◆ **DATASET CONTENT**
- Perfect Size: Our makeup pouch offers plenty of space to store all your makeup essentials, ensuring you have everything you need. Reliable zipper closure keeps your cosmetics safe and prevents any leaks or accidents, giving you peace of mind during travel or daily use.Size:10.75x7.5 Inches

* * *

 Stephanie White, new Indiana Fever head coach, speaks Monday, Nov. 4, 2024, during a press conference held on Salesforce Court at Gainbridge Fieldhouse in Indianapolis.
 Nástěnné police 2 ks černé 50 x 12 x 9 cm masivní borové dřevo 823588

--

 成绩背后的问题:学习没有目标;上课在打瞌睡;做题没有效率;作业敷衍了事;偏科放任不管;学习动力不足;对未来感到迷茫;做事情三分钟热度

◆ **PROBLEM STATEMENT**
Only lines with the word "during" are needed. Copy them from the preceding records.

◆ **FINAL ANSWER**
- Perfect Size: Our makeup pouch offers plenty of space to store all your makeup essentials, ensuring you have everything you need. Reliable zipper closure keeps your cosmetics safe and prevents any leaks or accidents, giving you peace of mind during travel or daily use.Size:10.75x7.5 Inches
 Stephanie White, new Indiana Fever head coach, speaks Monday, Nov. 4, 2024, during a press conference held on Salesforce Court at Gainbridge Fieldhouse in Indianapolis.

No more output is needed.